# lead certification course



## Brian C (Oct 8, 2011)

Hi gang, I just finished an 8 hour lead management course today. I didn't realise how toxic lead can be to the human body. I also learned that asbestos was an ingredient in linseed oil putty up-to the late 70's.

Gosh, I can remember my job as an apprentice painter around 1977, pulling old dried out putty from the bucket and adding linseed oil to soften it up. I used to smash it up with a hammer to soften it and mix it with my hands.


----------



## GusPrice (Jan 15, 2013)

Just out of interest Brian seen as you're a Dulux man - have you ever used the Peal Away product that they stock? 
I've got a smallish (40sq m) lead stripping job coming up I was contemplating giving it a go on.
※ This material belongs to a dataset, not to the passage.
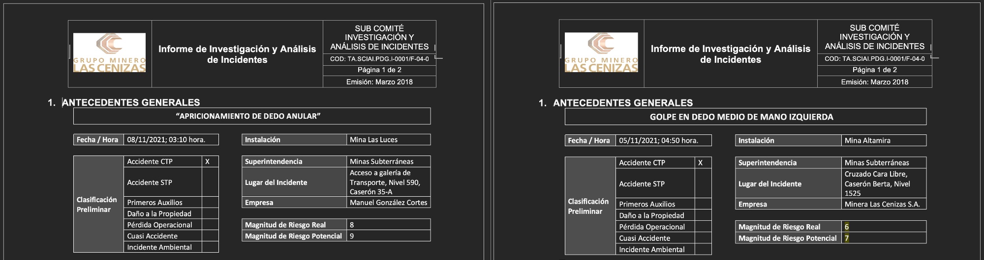Dos nuevos accidentes con tiempo perdido, uno en Mina Altamira y otro en Mina Las Luces de faena Taltal, se suman a los 8 accidentes ya ocurridos en el transcurso del año. Las estadísticas son demoledoras, 3 en Faena Taltal (3 CTP) y 5 en Faena Cabildo (3 CTP + 2 STP).

I've a rep coming over later in the week to demo it for me.


----------



## Brian C (Oct 8, 2011)

Gus,

peel away doesn't really work 100 %. Its o.k for timber but no good for removing paint from brickwork.


----------



## GusPrice (Jan 15, 2013)

Thanks Brian,

That's a pity - I had high hopes and had dreams of never again working off a trestle inside a plastic tent in 35C heat.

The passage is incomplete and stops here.